Their 1MW solar farm amazingly operates with only a 17% capacity factor to generate 1,465 MWh/yr. This is 167 kW of power shared among 1,500 people which is 111 W per person -- less than 1/5th the 600W of power required by the average American.

So the real picture of Tokelau is that it takes 1,000, 20-month-old coconuts a day collected by hand and processed with large amounts of additional fossil fuel energy, plus the 4,032 solar panels and 1,344 batteries, to provide each of the 1,500 residents with 1/5th of the electricity enjoyed by the average American. Is such a coconut harvest on these small islands sustainable, especially when fresh water is already in shortage?

Oh, BTW, this story is only about electricity. The islanders are still importing kerosene, gasoline and natural gas from New Zealand for heating and cooking and transportation fuel, and presumably still for some kerosene lamps as well.

Tokelau is a perfect microcosm to study energy consumption in a holistic way across all energy sources and services to see how much solar can contribute and with what cost-effectiveness. Amory Lovins and the Rocky Mountain Institute would serve us all better by putting out a thorough factual report instead of propaganda.


October 7, 2013

Cliff,

Thank you for your comments. However, it is unreasonable to compare Tokelauns' electricity use to a person from the U.S. In the U.S. each household uses about 4,500 kWh per year of electricity, which is about twice that of Western Europe, six times that of the global average per capita, or more than five times the average for those who have electricity access.
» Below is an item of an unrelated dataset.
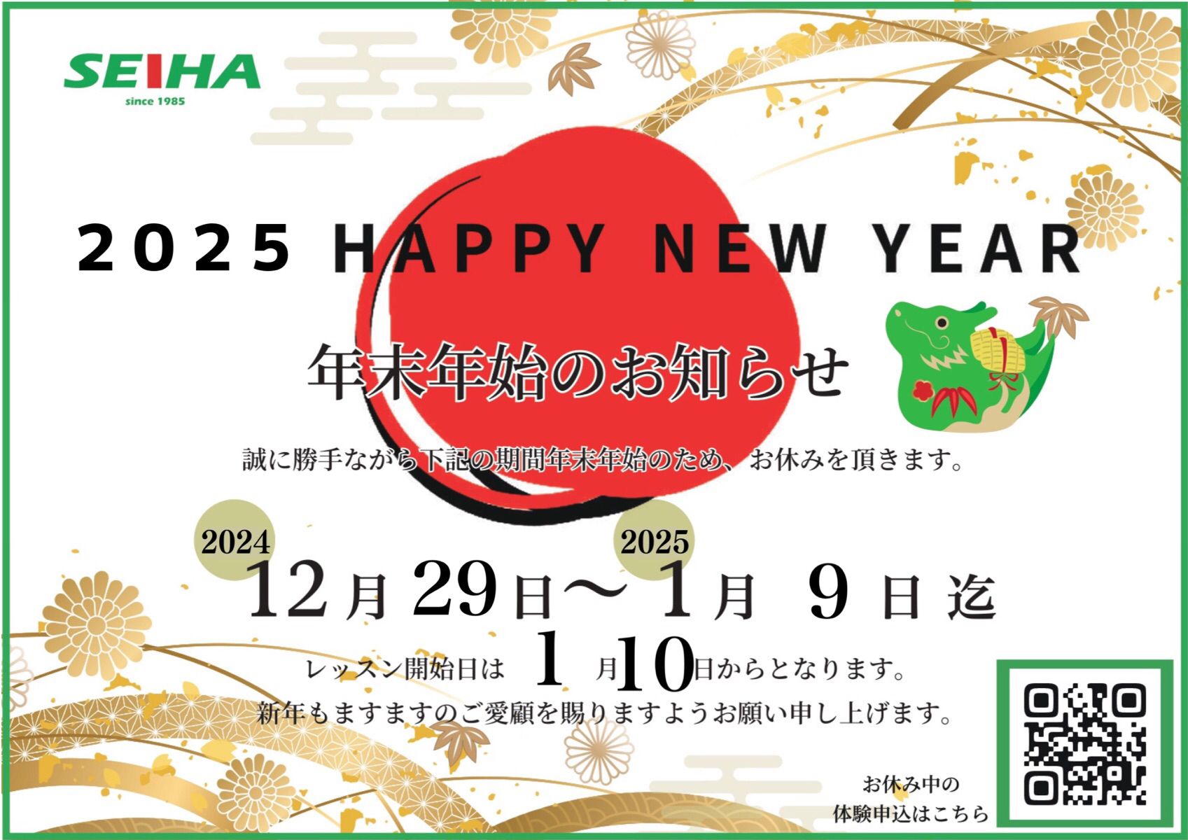 年末年始のお知らせ幼児、小学生、中学生向け子ども英会話教室「セイハ英語学院」。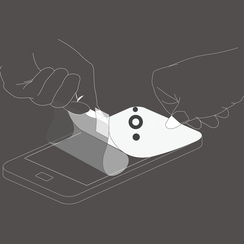 Printing marks on the top of the screen protector and showing the matching marks on the screen through application, the patented technology allows any customers to install their screen protector on the device without professional's assist or assisting tools.

The yearly demand for electricity in Tokelau is 676 MWh/yr. The 1 MW of PV has been providing close to 90% of their electricity needs since it was installed.

As far as generating the other 10% from coconut oil, the Empower Consultants study found that each atoll needs 20 to 30 liters of coconut oil per day, which can be produced from 150 to 220 coconuts per day. The study showed that this was sustainable in terms of availability of both coconuts and labor to process them.

You are correct in saying that the islanders are still importing kerosene and diesel for transportation and cooking. However, they are importing a fraction of what they imported prior to the solar installation. Of the 162,000 liters of diesel they imported annually prior to 2012, almost 99% of that was for power generation, with the majority of the rest (~2000 liters) for transportation.

In these times, when the human cause of climate change is well documented, any effort to reduce the use of fossil fuels should be applauded. And I’m sure the Tokelauns who are currently living with reliable clean electricity would tell you that their island is not a fantasy, but a reality they live in every day.